Presently, developers can provide immutable system prompts when creating sessions – the set of available tools is static. In theory, developers could modify system prompts (or their tools-related sections) at later points in time after creating sessions – the set of available tools would then be dynamic.
Should this be possible, a new parameter, e.g., a Boolean, could be provided for developers to use to indicate whether a created session's system prompt (or that prompt's tools-related section) could be modified later.
Use Cases
Digital Textbooks
A first use case involves digital textbooks. A digital textbook for biology, for example, might contain a large number of interactive 3D widgets. One such widget might depict a 3D model of a plant or animal cell. The set of tools available to an interoperating AI assistant might vary based on which interactive widgets were navigated to, scrolled to, and displayed.
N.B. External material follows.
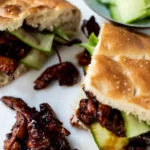 Als de kip klaar is vul je de broodjes met een beetje sla, wat kip en wat komkommer. Eet smakelijk!
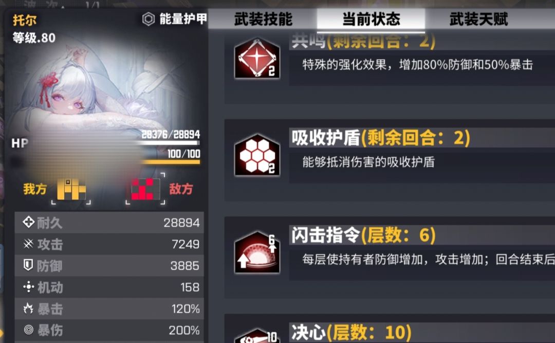 再说240防御的部分,240防御为局外防御,可以享受局内的%加减防的影响,并且这个防御为光环,即队友重新入场(召唤出的机神、角色死了复活、同调出的新角色)也能享受这240防御,只要瑞泽没死就行。

Text Adventures, Interactive Fiction, and Videogames
A second use case involves text adventures, interactive fiction, and videogames. An AI agent, a player character, could be navigated between rooms by a player and the set of tools available to the AI agent would depend upon which room that the player character was in and the contents of that room.
Computer-aided Design and Engineering
A third use case involves computer-aided design or engineering applications providing hybrid graphical and conversational user interfaces. Such applications could present AI assistants with a very large number of tools. Perhaps only some of these tools need to be instantaneously available to an AI assistant. The set of tools available to an AI assistant could vary as applications' states changed and end-users' selections of content changed.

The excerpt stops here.